→ **What is required**
The reply is a verbatim copy of the listing below with its images dropped.

→ **Data section**

◆ ◆ ◆ ◆ ◆ ◆ ◆

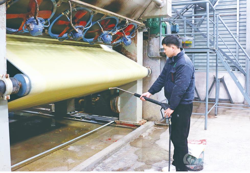 宿州中農秸美科技有限公司纖維干燥車間內,工人正在沖洗紙機毛布。
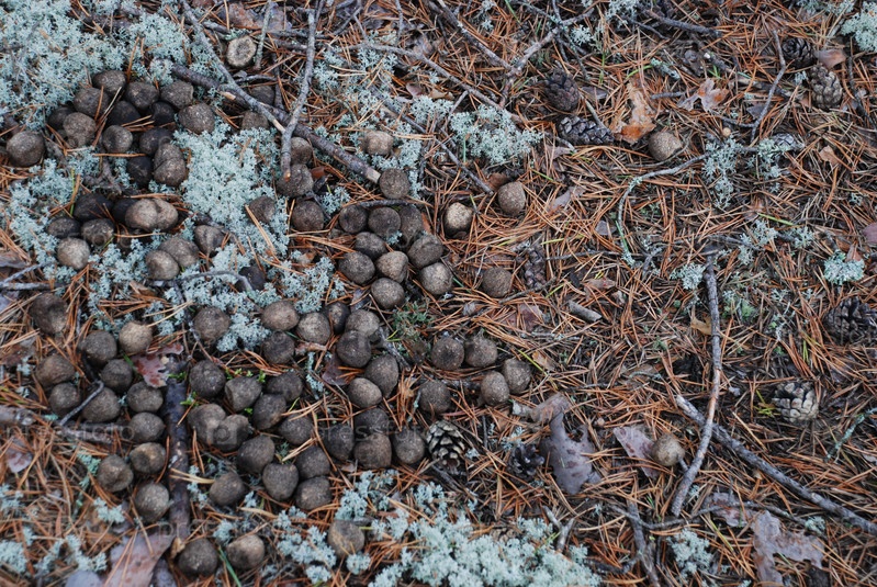 Фекалии оленя в лесу
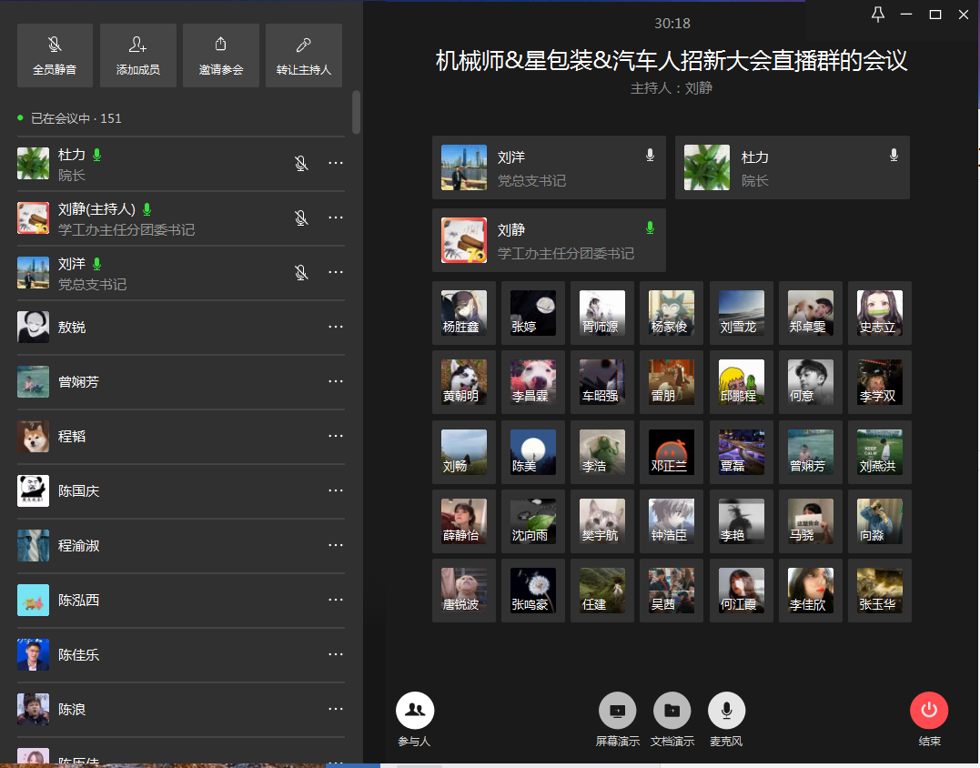 2020年4月3日,yl23455永利集团第五届“团队伴我成长”招募活动在线上召开,学院刘洋书记、杜力院长,学工办主任刘静老师、工程训练中心刘雪龙老师和学院2019级近200学生参加了此次招募活动,新生参与人数占2019级学生的近60%。招募活动由学工办主任刘静老师主持。

◆ ◆ ◆ ◆ ◆ ◆ ◆

→ **Response**
 宿州中農秸美科技有限公司纖維干燥車間內,工人正在沖洗紙機毛布。
 Фекалии оленя в лесу
 2020年4月3日,yl23455永利集团第五届“团队伴我成长”招募活动在线上召开,学院刘洋书记、杜力院长,学工办主任刘静老师、工程训练中心刘雪龙老师和学院2019级近200学生参加了此次招募活动,新生参与人数占2019级学生的近60%。招募活动由学工办主任刘静老师主持。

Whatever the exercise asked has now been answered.